Kentucky’s Rowan County Clerk Kim Davis refuses to do her job and issue marriage licenses because she thinks she’s taking a stand for her religious beliefs.

Clerk turns away same-sex couple after federal judge orders her to issue marriage licenses

“Kim Davis is resolute in vindicating her rights,” said her attorney, Roger Gannam, senior litigation counsel at Liberty Counsel, a religious advocacy group. “Fundamentally, we disagree with this order because the government should never be able to compel a person to violate their sincerely held religious beliefs.”

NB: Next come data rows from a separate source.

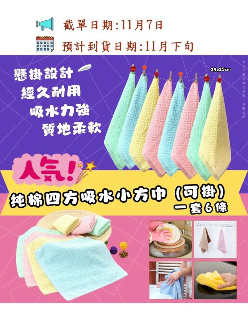 🟡純棉四方吸水小方巾 (一套6條) 隨機顏色🟡
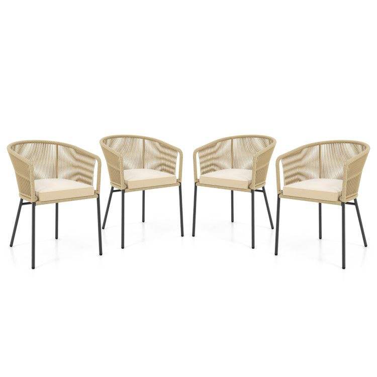 Set di 4 Sedie da Patio con Schienale Curvo e Cuscino per Arredamento da Esterno
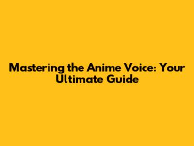 Mastering The Anime Voice: Your Ultimate Guide
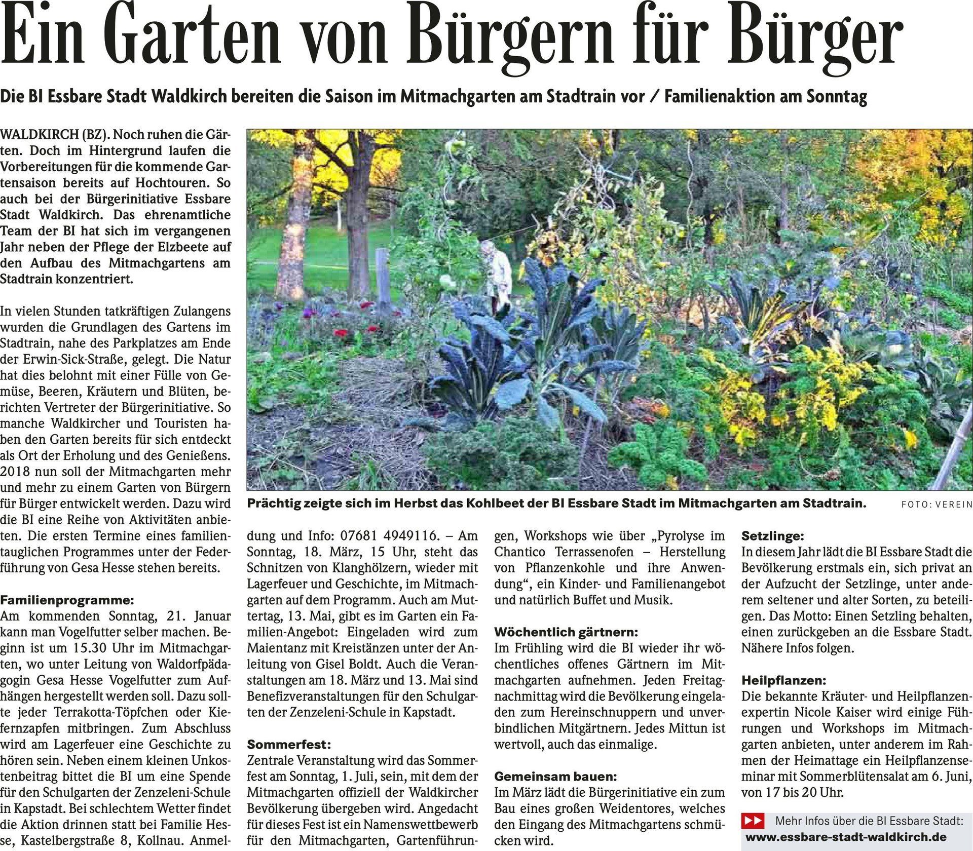 Ein Garten von Bürgern für Bürger, BZ 17.01.2018

But religious freedom is like every other freedom – your freedom ends where someone else’s freedom begins.
The freedom she thinks she’s protecting isn’t her freedom to express her religion, she’s free to do that anywhere but in her public office. The freedom she’s protecting is her freedom to discriminate.
There is no difference between discriminating against a black man and a gay man – It’s still discrimination.
If your religion calls for you to discriminate, and evidently Kim Davis’ understanding of Christianity means she needs to discriminate, then your religion isn’t a religion, it’s a dogma.
Kim Davis may sincerely think she’s doing what her faith demands as she discriminates in her public office. But her version of Christianity is as though she’s looking at a photo of a turkey hotdog, and thinking she’s eating Thanksgiving dinner.
She may think she’s behaving like a Christian, but in reality, she’s worshiping a dogma and calling it God.